Isabel's mother, Ursula Wolte, is active in cultural exchanges between Austria and China. Her father, Dr Wolfgang Wolte, was the Austrian ambassador to China from 1980-86.

"It was she who organized the first Chinese film retrospective in Austria in 1991. Forty outstanding Chinese films were shown in public cinemas in Vienna for this event. It was the first time that I was exposed to the variety and beauty of Chinese cinema. And, since then, I have been interested in it."

Isabel became involved when her mother initiated and participated in the first Sino-Austrian co-produced film project, On the Other Side of the Bridge, 12 years later. The movie was directed by Hu Mei and released in 2003. This experience inspired her to study the Chinese language and Chinese cinema.

That year, she moved to China to work as executive director of her own film company, China Film Consult Wolte KG. The enterprise specializes in consultancies related to Chinese cinema, and exchanges between Europe and China.
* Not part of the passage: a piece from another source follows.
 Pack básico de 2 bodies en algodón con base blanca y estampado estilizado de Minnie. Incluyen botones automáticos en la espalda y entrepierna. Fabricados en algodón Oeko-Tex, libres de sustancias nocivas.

She tried to analyze Chinese film using the culture's philosophy in her first three years in the country but found it too difficult.
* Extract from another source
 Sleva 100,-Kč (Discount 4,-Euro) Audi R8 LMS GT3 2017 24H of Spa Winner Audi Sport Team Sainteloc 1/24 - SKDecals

"I realized that Chinese philosophy is much too complex," she says.

"I could never fully understand it without studying classical Chinese language and reading the original philosophical works. Even then, it would take many more years of study and research."
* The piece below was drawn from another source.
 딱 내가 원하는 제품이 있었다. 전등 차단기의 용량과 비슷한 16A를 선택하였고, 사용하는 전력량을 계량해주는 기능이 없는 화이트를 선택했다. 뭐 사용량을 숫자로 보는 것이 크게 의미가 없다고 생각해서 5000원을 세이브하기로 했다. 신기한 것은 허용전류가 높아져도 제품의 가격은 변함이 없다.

In 2006, she enrolled in a PhD program at Beijing Film Academy.

"I knew my time was limited, but, at the same time, I was not willing to base my research on English summaries of Chinese philosophical strands," she recalls.

"So, I decided it was better to choose a topic that I could research in the given amount of time, and that would use the advantages I had as a European. A topic which compared non-Chinese with Chinese cultural aspects was well suited to me as a foreigner."

Wolte chose to study Chinese films adapted from foreign literature, comparing storylines, intents, moralities and political purposes.

"All adaptations involved rewriting the story in a completely Chinese setting," she says.

"If you did not know that these films were based on non-Chinese literature, you would never have guessed."

Wolte believes they should be viewed as cross-cultural appropriations, rather than literary adaptations.

"The original works were all nationalized for the Chinese screen - in some cases almost beyond recognition," she says.

"Various aspects from the culture of the original work that go beyond the story plot, such as moral values, ideology and aesthetics, are transplanted into the guest culture. To varying degrees, these elements are endorsed, discarded or altered."